The management of municipal solid waste (MSW) is one of the primary challenges in urban areas. To improve the accuracy of waste generation predictions, this study employed a hybrid approach that integrates Mutual Information (MI) with Shapley Additive Explanations (SHAP) for effective feature selection in Artificial Intelligence (AI) modeling. The Feed Forward Neural Network (FFNN) and Long Short-Term Memory (LSTM) models were utilized. The FFNN, a shallow learning model, is simpler and effective for capturing general patterns in data, while the LSTM, a deep learning model, is more suitable for autoregressive tasks such as predicting MSW generation. The proposed hybrid approach facilitated more precise identification of the key factors influencing MSW generation and improved the prediction models. The methodology was applied to meteorological and socio-economic data from three cities: Austin in the United States, Ballarat in Australia, and Boralesgamuwa in Sri Lanka, to examine the methodology under different conditions. The dominant factors identified included population, income, the Consumer Price Index (CPI), and lagged MSW variables with lags of 5, 10, and 20 days. The modeling performance was evaluated using the Determination Coefficient (DC) and Root Mean Square Error (RMSE). In Austin, the FFNN achieved a DC of 0.7226 during training and 0.6529 during testing. In Ballarat, the FFNN achieved training and testing DC values of 0.7037 and 0.6941, respectively. In Boralesgamuwa, due to severe data limitations, the model did not train well and showed poor performance in predictions (DC and RMSE values were significantly lower). The better performance of the model in Austin could be attributed to the longer temporal coverage of the data and greater stability in socio-economic patterns, while higher variability in socio-economic factors in Ballarat may have slightly reduced the model’s accuracy. The results from Boralesgamuwa also highlight the importance of access to quality and consistent data for developing accurate models. These findings demonstrate that the MI-SHAP method can enhance prediction accuracy by identifying both linear and nonlinear relationships among variables and provide deeper insights into the dynamics governing waste generation. This methodology can aid in developing sustainable MSW management policies across various regions.

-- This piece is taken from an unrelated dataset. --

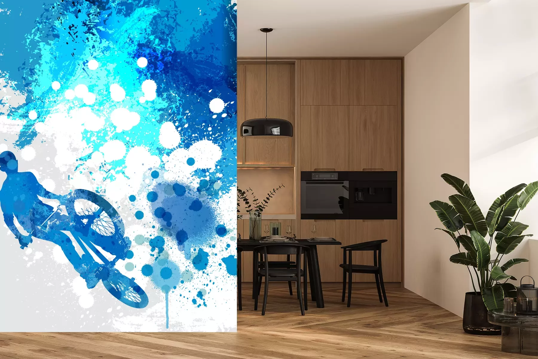 Das Material Premium+ besteht aus einer strukturierten Vinyl-Oberschicht und einem Trägermaterial (Vlies) mit einer Grammatur von 255 g/m², das kleine Unebenheiten der Wand zuverlässig kaschiert. Die feine Sandstruktur verleiht der Oberfläche eine luxuriöse Haptik, während das halbmatte Finish die Tiefe der Farben betont. Das Material ist dampfdurchlässig – so kann diese Fototapete auch in Küchen und Badezimmern eingesetzt werden. Die maximale Breite einer Tapetenbahn beträgt 100 cm. Bei größeren Abmessungen besteht die Fototapete aus mehreren gleich großen Bahnen. Der Kleber wird direkt auf die Wand aufgetragen, und die Fototapete wird auf Stoß angebracht, was für einen ästhetischen Effekt ohne sichtbare Fugen sorgt. Die Oberfläche ist pflegeleicht und kann bei Bedarf sanft mit einem feuchten Tuch abgewischt werden.

利用人工智能预测城市生活垃圾的产生:一种熵分析和SHAP的混合方法,用于最优特征选择
城市固体废物的管理是城市面临的主要挑战之一。为了提高废物产生预测的准确性,本研究采用了一种混合方法,将互信息(MI)与Shapley加性解释(SHAP)相结合,在人工智能(AI)建模中进行有效的特征选择。采用前馈神经网络(FFNN)和长短期记忆(LSTM)模型。FFNN是一种浅层学习模型,对于捕获数据中的一般模式更简单有效,而LSTM是一种深度学习模型,更适合于预测MSW生成等自回归任务。提出的混合方法有助于更精确地识别影响城市生活垃圾产生的关键因素,并改进预测模型。该方法被应用于来自三个城市的气象和社会经济数据:美国的奥斯汀、澳大利亚的巴拉瑞特和斯里兰卡的博拉莱斯加穆瓦,以检验不同条件下的方法。确定的主要因素包括人口、收入、消费者价格指数(CPI)和滞后的城市生活垃圾变量(滞后5天、10天和20天)。使用决定系数(DC)和均方根误差(RMSE)评估建模性能。在Austin, FFNN在训练期间的DC为0.7226,在测试期间的DC为0.6529。在Ballarat, FFNN的训练和测试DC值分别为0.7037和0.6941。在Boralesgamuwa中,由于严重的数据限制,模型训练效果不佳,预测性能较差(DC和RMSE值明显较低)。该模型在奥斯汀的较好表现可归因于数据的较长时间覆盖范围和社会经济模式的更大稳定性,而在巴拉瑞特,社会经济因素的较高可变性可能略微降低了模型的准确性。Boralesgamuwa的研究结果还强调了获取高质量和一致的数据对于开发准确模型的重要性。这些发现表明,MI-SHAP方法可以通过识别变量之间的线性和非线性关系来提高预测精度,并为控制废物产生的动力学提供更深入的见解。这种方法有助于在不同地区制定可持续的城市固体废物管理政策。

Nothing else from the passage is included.